To summarize the current understanding of clinical assessment, pathophysiology, and treatment of pain in neuropathies, focusing on selected entities in which the understanding of the mechanisms underlying pain has advanced recently.
Ongoing studies are classifying the symptoms and signs of painful neuropathies, assuming that this approach may indicate particular pathomechanisms leading to more rational treatment. Nerve injury induces a large number of cellular changes, the relevance of which for the occurrence of pain is still under investigation. In models of diabetic neuropathy, an altered distribution of sodium channels, hyperexcitability of neurons, and changes in spinal connectivity seem to underlie the development of pain. The role of inflammatory mediators has been explored in inflammatory and degenerative neuropathies. Second messenger pathways contributing to hyperalgesia in various neuropathies have been identified, opening up new treatment options. A number of newer and older drugs have been studied for their use in painful neuropathies in clinical trials.

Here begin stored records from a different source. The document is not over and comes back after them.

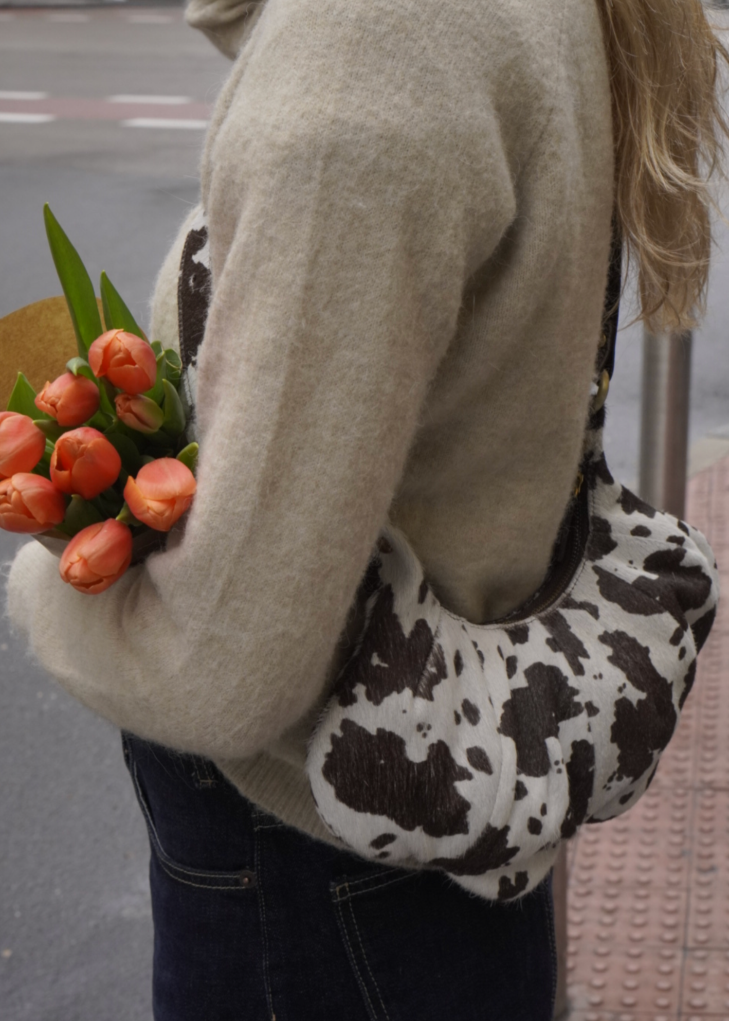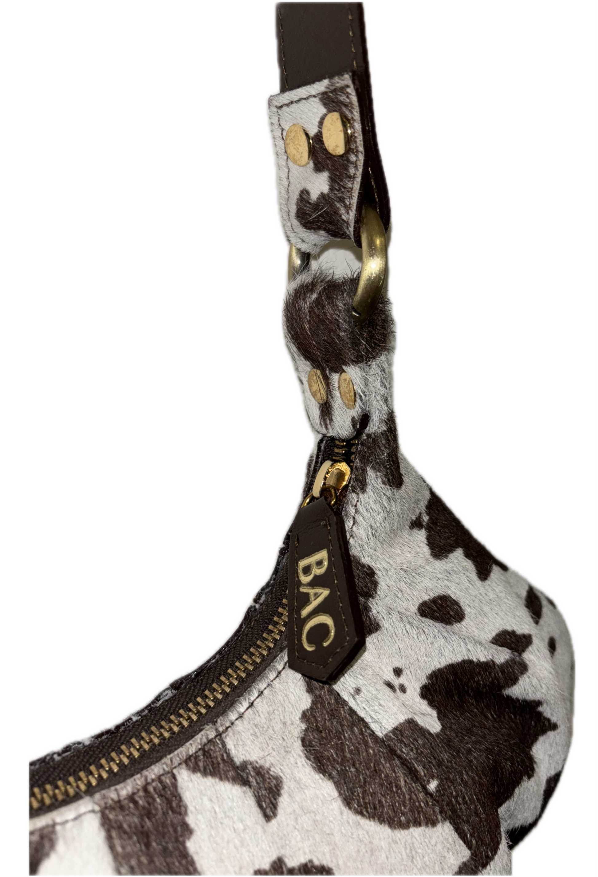 Bolso de hombro en cuero natural con acabado en pelo estampado de vaca. Con tarjetero en el interior y correa ajustable, diseñada para adaptarse a ti. El bolso perfecto pensado para acompañarte en todos los los momentos del día, con carácter y autenticidad.
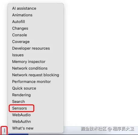 点击左下角三点图标,选择 Sensors:
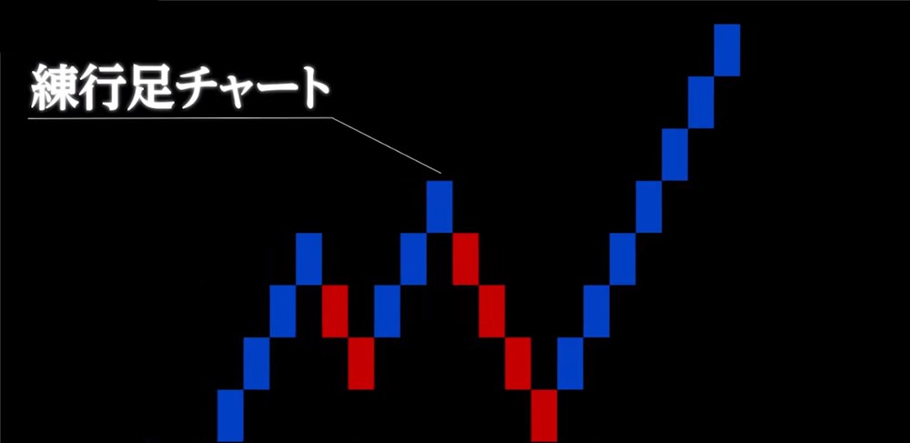 練行足のチャートは、例えば5pips動いたら足が1本できる、というイメージです。
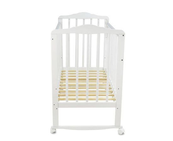 Передняя стенка опускается, чтобы родителям было удобно укладывать малыша. Днище кроватки регулируется в 2 положениях. Ложе кроватки ортопедическое, из ламелий, что позваляет воздуху свободно вентилировать матрас.
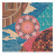 Ett bedövande pussel som visar fusionen av marockanskt mönster i rik ördiga toner, japanskt vinkarare i blå nyanser och indiskt mandalas i klara orangar och lila.
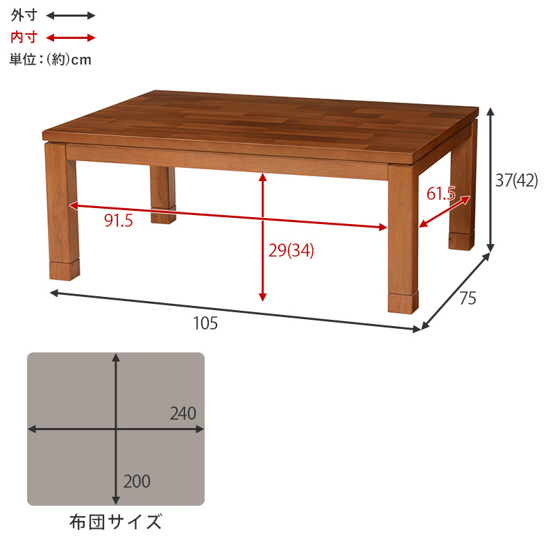 こたつ:(約)幅105×奥行75×高さ37/42cm
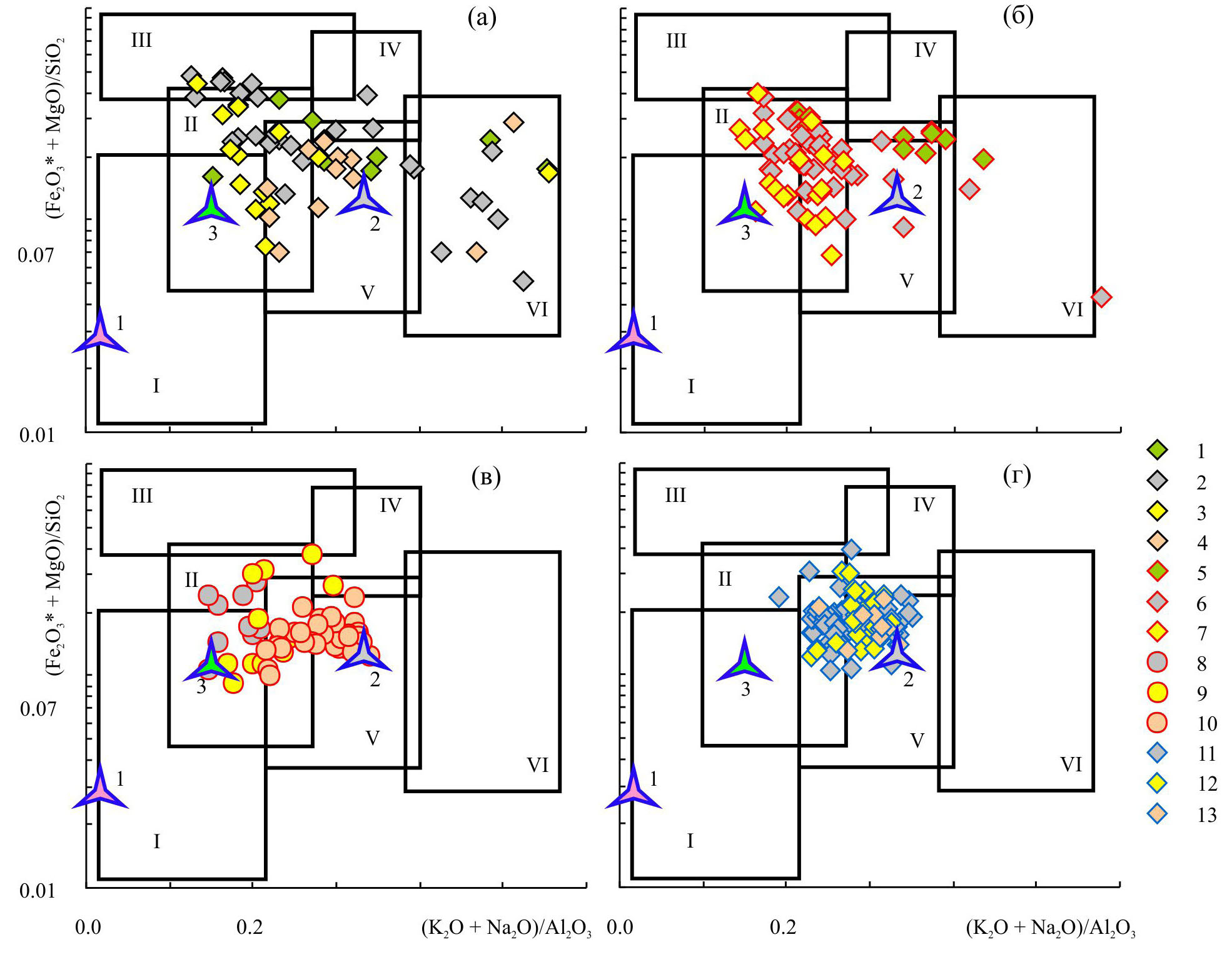 Рис. 4. Положение фигуративных точек аргиллитов волынского (1, 5), редкинского (2, 6, 8, 11), котлинского (3, 7, 9, 12) и нижнекембрийского (4, 10, 13) стратиграфических уровней/этапов Западной Беларуси и Волыни (а), Восточной Беларуси (б), востока Балтийской моноклинали (в) и Московской синеклизы (г) на диаграмме (K2O + Na2O)/Al2O3–(Fe2O3* + + MgO)/SiO2
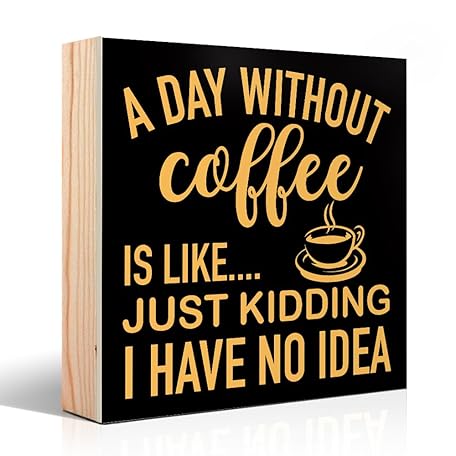 A Day Without Coffee Is Like Just Kidding I Have No Idea Wooden Box Sign, Funny Sayings Decor for Home Farmhouse Eating Area Cafe Kitchen, Coffee Lover Gifts for Women Men Friends Sister

Epidemiology has shown that, despite the availability of drugs with moderate efficacy in the treatment of neuropathic pain, a large percentage of patients do not gain access to them.
Advances in the standardization of assessment of patients with painful neuropathies are beginning to have an impact on how clinical studies are designed. Major progress has been made in the understanding of cellular and molecular changes after nerve injury, but their relevance for the pathophysiology of pain in neuropathies has still to be determined.